1. Executive Summary

The Krow Client App is a mobile workforce management tool designed for business owners and managers. Think of it as a "control center" that allows businesses to easily hire, manage, and pay temporary staff for events or shifts.

Instead of calling agencies or managing spreadsheets, a business user opens this app to:

  • Define a job (Event/Shift).
  • Request specific roles (e.g., Waiter, Security).
  • Monitor staff check-ins and attendance.
  • Rate staff performance.
  • Handle payments and invoices.

2. High-Level Architecture

The application follows a Modern Mobile Architecture designed for reliability and speed. It acts as a "smart interface" that connects the user to the central Krow platform.

  • The Frontend (This App): Handles everything the user sees and touches.
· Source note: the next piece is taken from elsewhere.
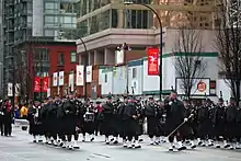 The Vancouver Police Pipe Band is a Canadian pipe band based in Vancouver, British Columbia. It is the official police band of the Vancouver Police Department and is considered to be the official band of the City of Vancouver. It performs for all citywide, provincial, national and international events available to them. Like many pipe bands in the British and Canadian Army, they performs in full highland dress which includes a feather bonnet. It is the oldest non-military pipe band in British Columbia and ranks amongst the most senior police pipe bands in Canada.[1][2] In its international visits, it has performed in countries such as Singapore, Japan, and the United States.

It validates inputs (like ensuring a shift end time is after the start time) and displays data beautifully.
  • The Bridge (API Layer): The app talks to the Krow Cloud Server using GraphQL. This allows the app to ask for exactly the data it needs—no more, no less—making it fast even on slower connections.
  • The Backend (The Brain): All heavy processing (matching staff to jobs, processing payments) happens on the secure server, not on the phone.

3. Major Components & Modules

The application codebase is structured into two main directories: Features (Business Capabilities) and Core (Shared Utilities & Foundations).

A. Features (lib/features/)

These modules contain the specific business logic and UI for each distinct part of the application:

  • assigned_staff_screen: Manages the view where clients can see staff members assigned to their shifts.
  • clock_manual: Handles the functionality for manually logging staff work hours (Clock-In/Clock-Out) if automated methods fail or are not used.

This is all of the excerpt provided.